- [What this task involves]
When writing out the listing below, reproduce every word exactly and skip the pictures.

- [Given data]
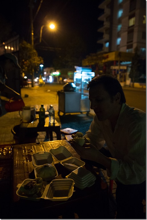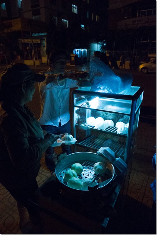 Ausreichend sagte ich eben. Auf unserem nächtlichen Spaziergang stiessen wir aber auf einen Stand mit irgendwelchen Teigtaschen und da ich diese noch nicht probiert hatte mussten ich gemäss Hausi unbedingt welche davon kosten. Wie gut die Verkäuferin war, zeigt die Tatsache, dass wir schlussendlich vier Teigtaschen kauften. Als wir uns dann noch entschieden, sie gleich in ihrem improvisierten Straßencafé zu essen war ihr Glück grenzenlos und wir bekamen gleich noch Tee spendiert. Grundsätzlich waren alle fein, aber die Fleischigen etwas deplatziert nach dem üppigen Nachtessen. Viel besser gefielen mir diejenigen mit einer Cocos-Streusel-Füllung. Super als Dessert!
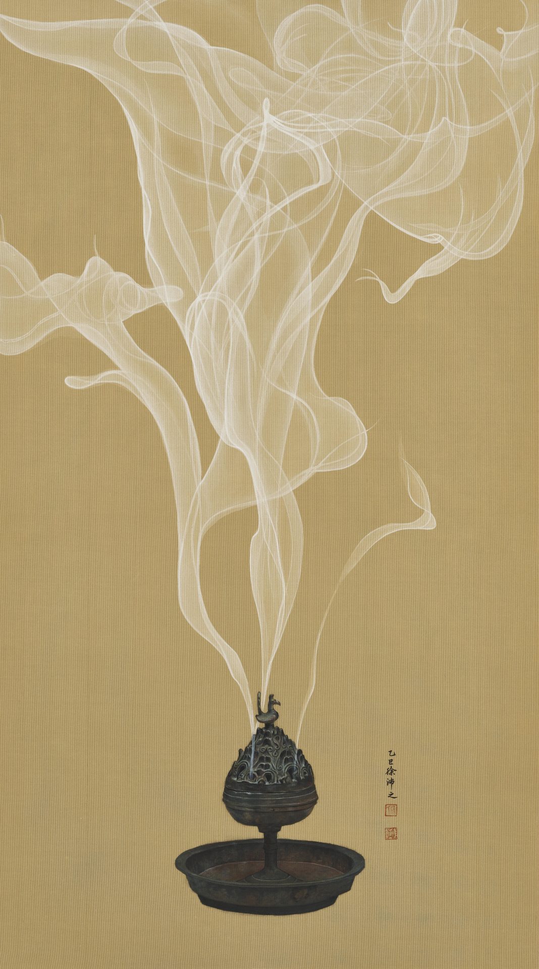「傳說博山爐如海上仙山,山上雲氣可以通天,即寓意通天達地。今次展覽繪製了兩個同為漢代的博山爐。其一為鎏金銀竹節銅薰爐,造工精巧,九條蟠龍活靈活現。薰爐的底座上亦透雕兩條蟠龍昂首咬住竹柄,三條蟠龍於竹節頂端將熏爐托起,另外四條金龍圍繞爐身飛騰,線條流暢,造型奇妙。另一為朱雀博山香爐,蓋乃鏤空的起伏山巒,有雲氣紋填充其間。蓋頂立一朱雀,底有承盤。博山爐配以輕煙的動態,聚散、靈動、朦朧,彷彿傳來一陣陣清心寧神的香氣。」—徐沛之
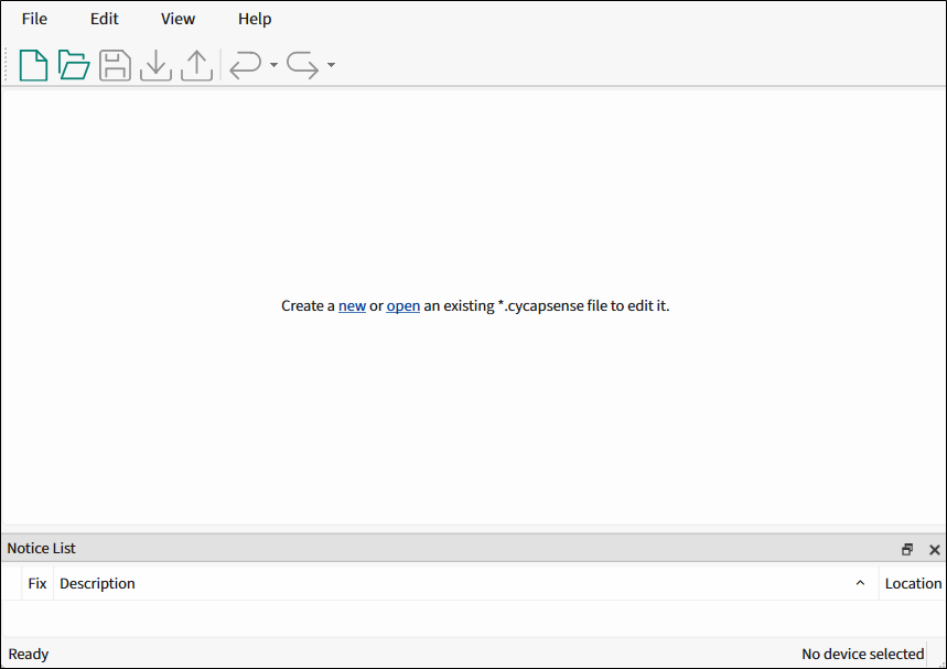 When opened this way, the CAPSENSE™ Configurator GUI opens blank without any information.
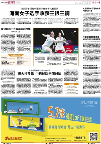 海南日报 体育新闻综合 008 2017-03-141 2017年03月14日 星期二
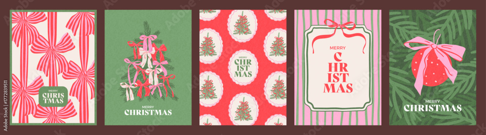 Fototapeta na wymiar - Hand drawn cards set of Merry Christmas and Happy New Year. Vintage concept with gift bows, Christmas tree and ball. Minimalist trendy design for poster, cover, social media, banner, invitation.
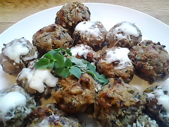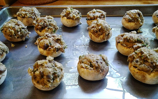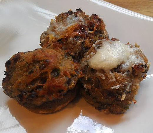 At the very end put in 1/4 cup of the mozzarella and stir. Save 1/4 cup for the tops of half of the mushrooms. Now comes the easy part; let’s stuff those caps! Take each cap and scoop about a tablespoon into each. Make a nice rounded top, no need to make them even with the cap they will not overflow onto the pan. See below:
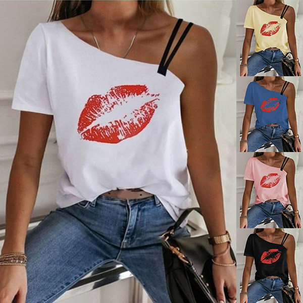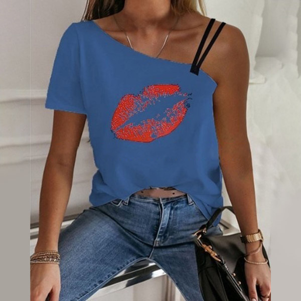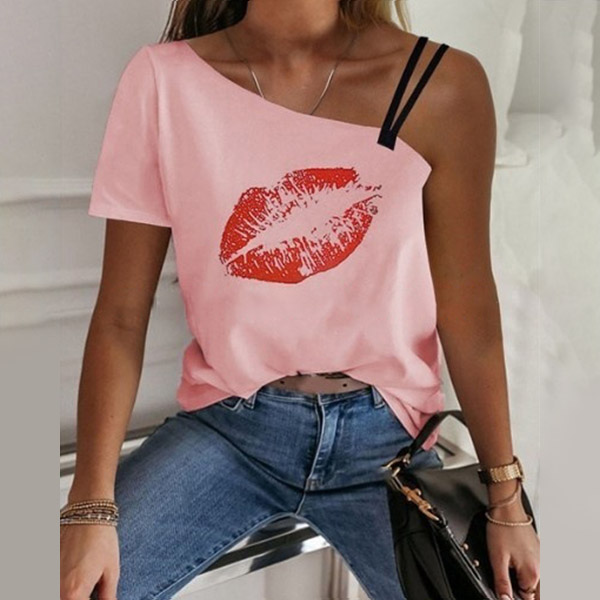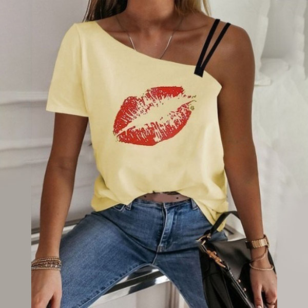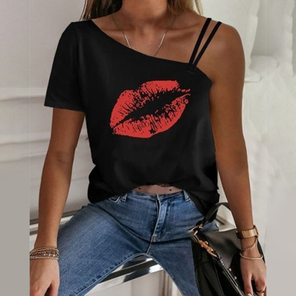 You can easily gain more eyes when you wear this t-shirt. One-shoulder and red-lip printed pattern design make this piece look so distinctive and alluring. Meanwhile,you can trust in this piece to give you a comfortable day thanks to its soft and breathable fabric.
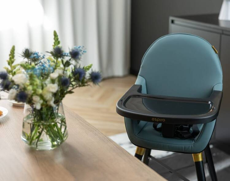 Espiro yuko to elegancja i funkcjonalność - podwójna taca ułatwia utrzymanie krzesełka w nienagannej czystości.
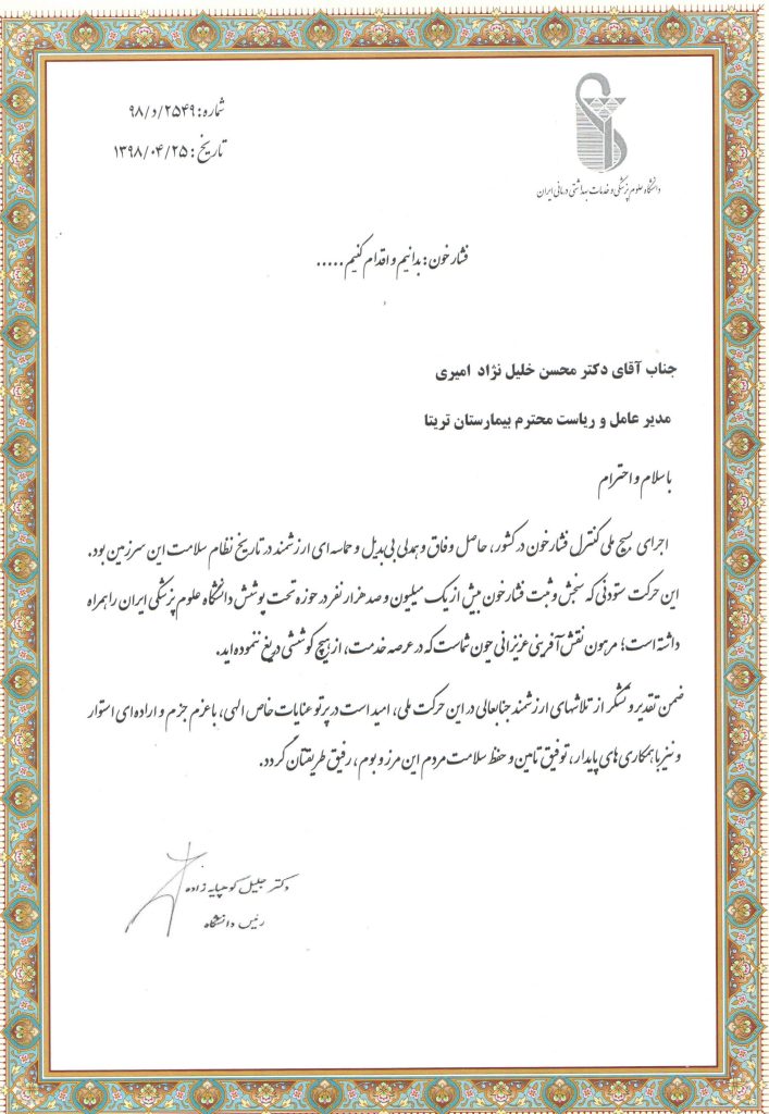 7_ حرکت به سمت استقرار کامل توریسم سلامت و ارائه خدمت بهینه به بیماران خارجیمسئولین کلیه بخش ها و واحدها، با مسئولیت پذیری، مسیر حرکت تیم خود را در راستای اهداف و استراتژی های بیمارستان تنظیم نموده و با بازنگری دوره ای از بهبود مستمر خدمات در تمامی امور جاری اطمینان حاصل می نمایند. همچنین در اجرای استراتژی ها، با حداکثر توان علمی و رفتار شهروندی سازمانی ممتاز خود در راستای دست یابی به اهداف گام برخواهند داشت.

- [Response to the exercise]
 Ausreichend sagte ich eben. Auf unserem nächtlichen Spaziergang stiessen wir aber auf einen Stand mit irgendwelchen Teigtaschen und da ich diese noch nicht probiert hatte mussten ich gemäss Hausi unbedingt welche davon kosten. Wie gut die Verkäuferin war, zeigt die Tatsache, dass wir schlussendlich vier Teigtaschen kauften. Als wir uns dann noch entschieden, sie gleich in ihrem improvisierten Straßencafé zu essen war ihr Glück grenzenlos und wir bekamen gleich noch Tee spendiert. Grundsätzlich waren alle fein, aber die Fleischigen etwas deplatziert nach dem üppigen Nachtessen. Viel besser gefielen mir diejenigen mit einer Cocos-Streusel-Füllung. Super als Dessert!
「傳說博山爐如海上仙山,山上雲氣可以通天,即寓意通天達地。今次展覽繪製了兩個同為漢代的博山爐。其一為鎏金銀竹節銅薰爐,造工精巧,九條蟠龍活靈活現。薰爐的底座上亦透雕兩條蟠龍昂首咬住竹柄,三條蟠龍於竹節頂端將熏爐托起,另外四條金龍圍繞爐身飛騰,線條流暢,造型奇妙。另一為朱雀博山香爐,蓋乃鏤空的起伏山巒,有雲氣紋填充其間。蓋頂立一朱雀,底有承盤。博山爐配以輕煙的動態,聚散、靈動、朦朧,彷彿傳來一陣陣清心寧神的香氣。」—徐沛之
 When opened this way, the CAPSENSE™ Configurator GUI opens blank without any information.
 海南日报 体育新闻综合 008 2017-03-141 2017年03月14日 星期二
 Fototapeta na wymiar - Hand drawn cards set of Merry Christmas and Happy New Year. Vintage concept with gift bows, Christmas tree and ball. Minimalist trendy design for poster, cover, social media, banner, invitation.
 At the very end put in 1/4 cup of the mozzarella and stir. Save 1/4 cup for the tops of half of the mushrooms. Now comes the easy part; let’s stuff those caps! Take each cap and scoop about a tablespoon into each. Make a nice rounded top, no need to make them even with the cap they will not overflow onto the pan. See below:
 You can easily gain more eyes when you wear this t-shirt. One-shoulder and red-lip printed pattern design make this piece look so distinctive and alluring. Meanwhile,you can trust in this piece to give you a comfortable day thanks to its soft and breathable fabric.
 Espiro yuko to elegancja i funkcjonalność - podwójna taca ułatwia utrzymanie krzesełka w nienagannej czystości.
 7_ حرکت به سمت استقرار کامل توریسم سلامت و ارائه خدمت بهینه به بیماران خارجیمسئولین کلیه بخش ها و واحدها، با مسئولیت پذیری، مسیر حرکت تیم خود را در راستای اهداف و استراتژی های بیمارستان تنظیم نموده و با بازنگری دوره ای از بهبود مستمر خدمات در تمامی امور جاری اطمینان حاصل می نمایند. همچنین در اجرای استراتژی ها، با حداکثر توان علمی و رفتار شهروندی سازمانی ممتاز خود در راستای دست یابی به اهداف گام برخواهند داشت.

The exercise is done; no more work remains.